Collected material START

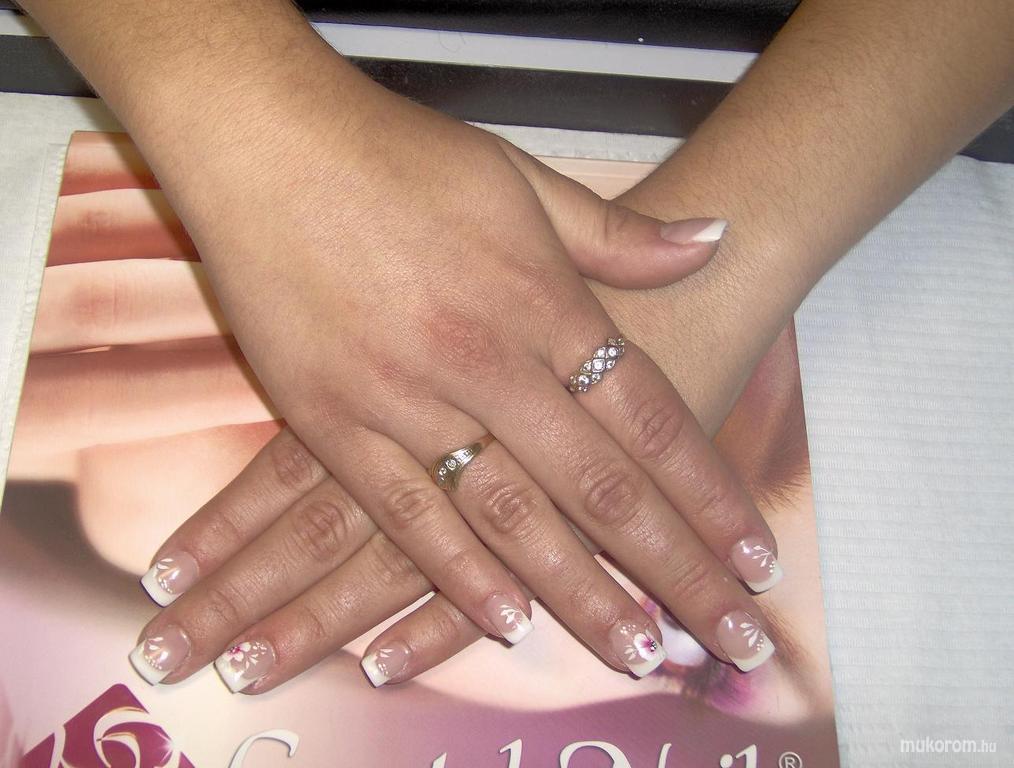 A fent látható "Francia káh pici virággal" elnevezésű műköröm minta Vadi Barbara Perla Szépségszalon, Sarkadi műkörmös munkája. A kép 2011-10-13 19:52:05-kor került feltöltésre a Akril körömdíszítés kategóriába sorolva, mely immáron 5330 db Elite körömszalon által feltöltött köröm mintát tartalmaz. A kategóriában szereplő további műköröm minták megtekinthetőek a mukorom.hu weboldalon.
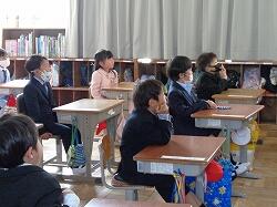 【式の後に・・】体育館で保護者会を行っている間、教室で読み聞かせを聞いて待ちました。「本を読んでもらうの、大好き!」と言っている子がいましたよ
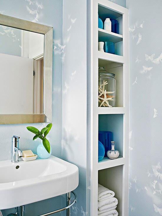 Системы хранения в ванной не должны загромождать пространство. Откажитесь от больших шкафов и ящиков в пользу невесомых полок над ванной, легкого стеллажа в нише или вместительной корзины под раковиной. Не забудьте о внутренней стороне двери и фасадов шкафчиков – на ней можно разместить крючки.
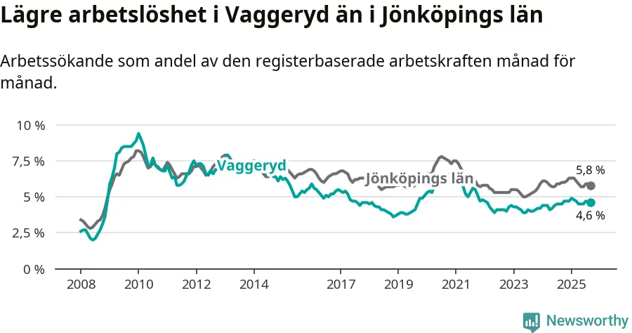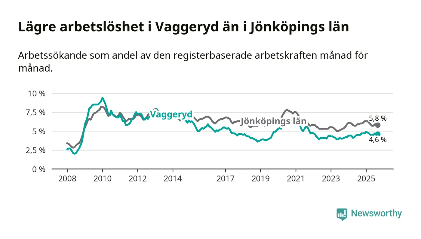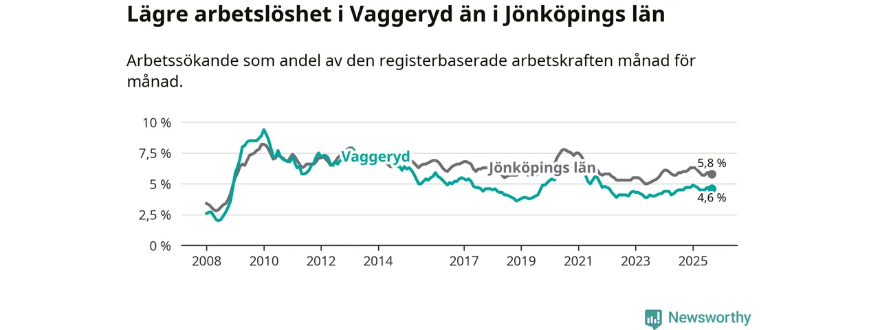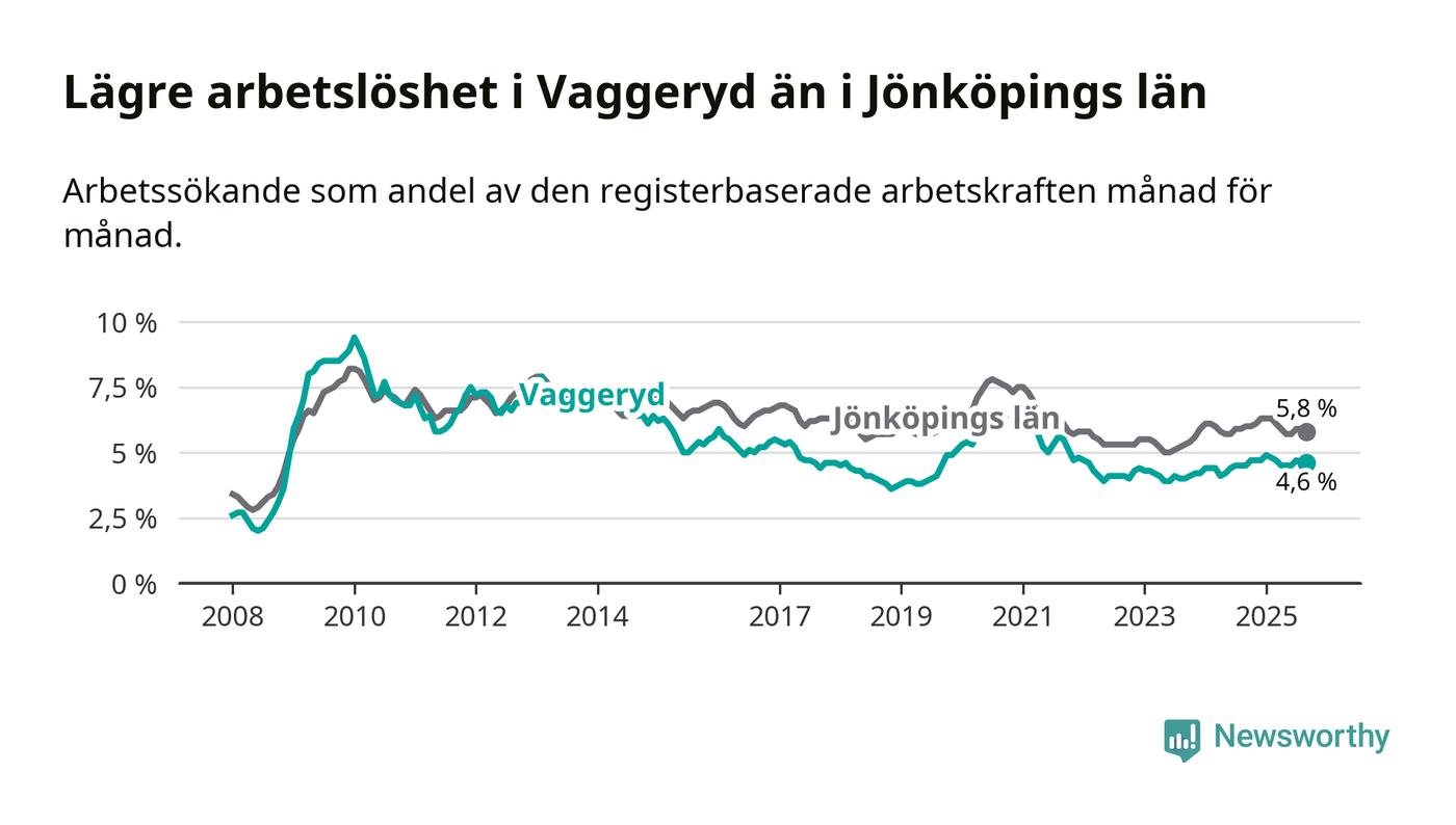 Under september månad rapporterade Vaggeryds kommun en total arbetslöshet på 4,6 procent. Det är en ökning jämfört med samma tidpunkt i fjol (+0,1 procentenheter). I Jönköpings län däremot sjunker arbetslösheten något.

Collected material END

Could the lines from the top of the material through the line with "Системы хранения в" be repeated exactly, pictures left out?

 A fent látható "Francia káh pici virággal" elnevezésű műköröm minta Vadi Barbara Perla Szépségszalon, Sarkadi műkörmös munkája. A kép 2011-10-13 19:52:05-kor került feltöltésre a Akril körömdíszítés kategóriába sorolva, mely immáron 5330 db Elite körömszalon által feltöltött köröm mintát tartalmaz. A kategóriában szereplő további műköröm minták megtekinthetőek a mukorom.hu weboldalon.
 【式の後に・・】体育館で保護者会を行っている間、教室で読み聞かせを聞いて待ちました。「本を読んでもらうの、大好き!」と言っている子がいましたよ
 Системы хранения в ванной не должны загромождать пространство. Откажитесь от больших шкафов и ящиков в пользу невесомых полок над ванной, легкого стеллажа в нише или вместительной корзины под раковиной. Не забудьте о внутренней стороне двери и фасадов шкафчиков – на ней можно разместить крючки.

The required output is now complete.